You see,  I feel like I have truly benefited from the crusade of feminism.  I have had the freedom to be educated through the public and private institutions of my choosing.  I have had the freedom to form opinions based off my education and experiences.  I have the freedom to vote.   I have been able to gain fairly lucrative employment to support myself and then myself and my husband and now even my husband and my child.  I have been able to keep that employment while pregnant and after have a child.  I have been able to do pretty much whatever I'd like to do.

That being said.  I believe I have been discriminated against because I am a female.

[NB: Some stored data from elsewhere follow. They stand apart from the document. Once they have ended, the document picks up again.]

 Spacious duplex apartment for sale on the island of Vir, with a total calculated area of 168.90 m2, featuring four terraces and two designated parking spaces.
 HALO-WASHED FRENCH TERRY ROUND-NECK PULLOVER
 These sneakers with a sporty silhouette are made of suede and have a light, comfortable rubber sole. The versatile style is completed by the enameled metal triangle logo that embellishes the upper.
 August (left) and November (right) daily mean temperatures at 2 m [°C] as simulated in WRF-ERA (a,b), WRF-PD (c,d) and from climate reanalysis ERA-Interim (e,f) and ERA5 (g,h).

But here is the thing that I have been battling inside my head... and now on this post.... I don't know if that discrimination was necessarily a bad thing.

First I must say, there is no question I have been treated differently than a man because I am a woman.  And I like that.  I like chivalry.  I honestly think it makes the world a better place.  Of course I can open my own door and bring my own jacket and wait my turn in line.  I think these small acts of respect shown to women helps put the world in its proper place.  Because at the end of the day, the bottom line is: men and women are not the same.  And if for no other reason than because women bare children, I believe they should receive an extra bit of respect.

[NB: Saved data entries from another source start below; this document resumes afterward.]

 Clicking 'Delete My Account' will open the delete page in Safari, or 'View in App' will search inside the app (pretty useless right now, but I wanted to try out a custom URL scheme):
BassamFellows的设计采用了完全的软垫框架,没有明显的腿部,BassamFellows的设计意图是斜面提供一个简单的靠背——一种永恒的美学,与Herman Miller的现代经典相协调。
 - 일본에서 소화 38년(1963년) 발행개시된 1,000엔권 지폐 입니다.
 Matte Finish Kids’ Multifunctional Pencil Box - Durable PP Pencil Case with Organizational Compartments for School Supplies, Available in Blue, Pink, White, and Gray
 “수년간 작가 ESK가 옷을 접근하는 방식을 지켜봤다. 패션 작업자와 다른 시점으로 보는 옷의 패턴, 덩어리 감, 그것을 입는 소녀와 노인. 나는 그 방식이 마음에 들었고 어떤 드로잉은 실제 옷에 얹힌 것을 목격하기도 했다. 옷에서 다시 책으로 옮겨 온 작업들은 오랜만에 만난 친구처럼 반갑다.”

But back to the discrimination.  Within my career, a career that is predominately women, I have been discriminated against because I am a woman.  Although I was a better candidate, I was not hired for a position because I was not male.  I have not been able to climb up the leadership ladder where all my male counterparts have.  The list goes on.  There is no question I have been treated differently because I am a female.

And although it has been extremely frustrating, here is the statement that I feel the need to say, I don't know if me being discriminated against was necessarily a bad thing.

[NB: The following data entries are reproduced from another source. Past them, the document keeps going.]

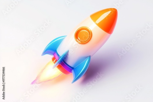 3D icon of a rocket, simple design, blue and orange gradient color with a white background.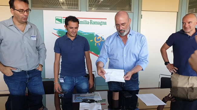foto di gruppo e Bonaccini che sorteggia le squadre per le semifinali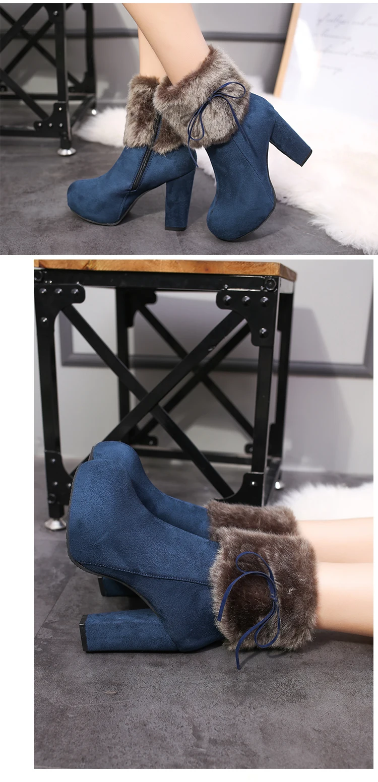 Зимние Замшевые ботильоны на платформе; Для женщин; Модные туфли с ...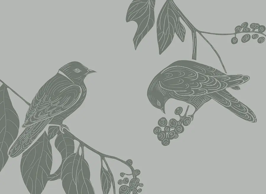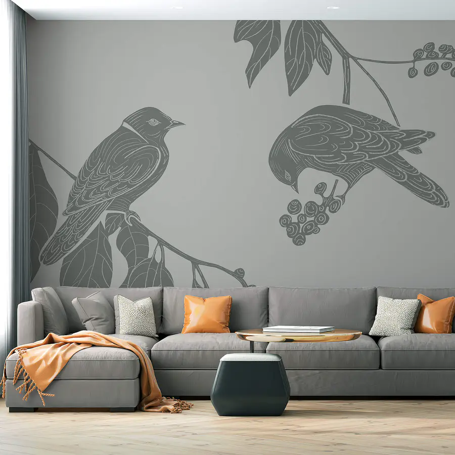 Fototapet Păsări pe o ramură cu frunze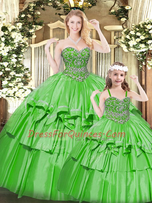 Designer Green Lace Up Sweetheart Beading and Ruffled Layers Quince Ball Gowns Organza Sleeveless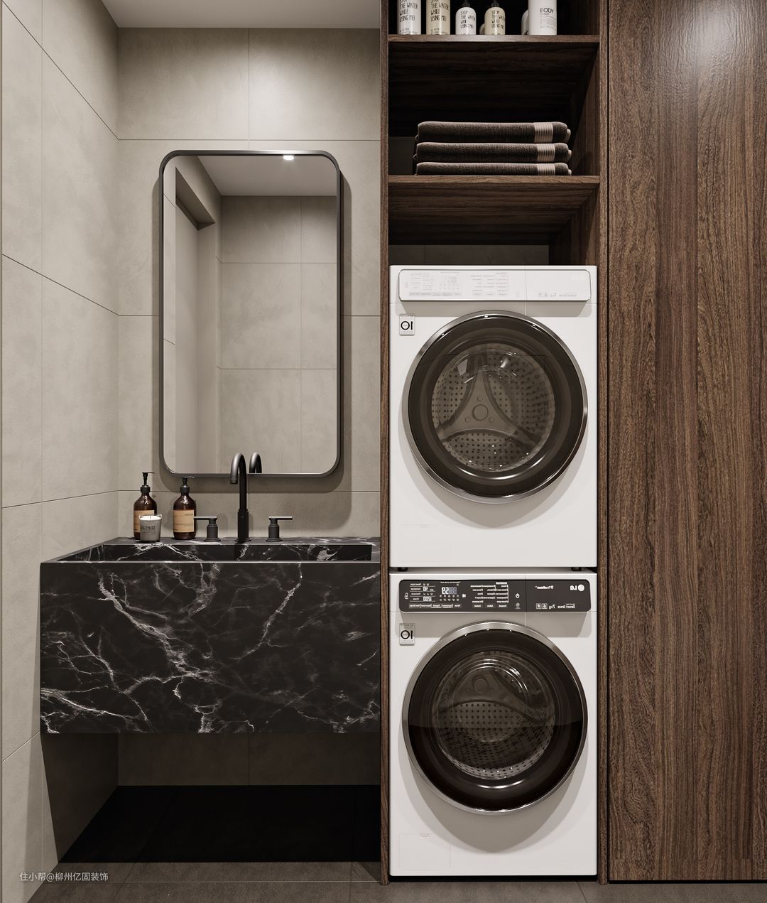 简洁实用的卫浴,看似冷淡无味,但处处考究,配合灯光的运用设计,营造舒适又充满质感的空间。

Now I fully recognize a "true" feminist would say I have been brainwashed by my culture.  I am a beaten puppy that has accepted my role as the subservient sex.  And I guess there isn't much I can say in defense against that other than I recognize that this is a possibility.

But on the other hand, maybe the fact is: men and women are created differently and play separate and important roles in society because of their differences.  

In other words, maybe I have been discriminated against for good reason.  Not just because I am a woman, but maybe because I am a woman that acts like a woman.  And sometimes a man that acts like a man can do a job better than a woman that acts like a woman.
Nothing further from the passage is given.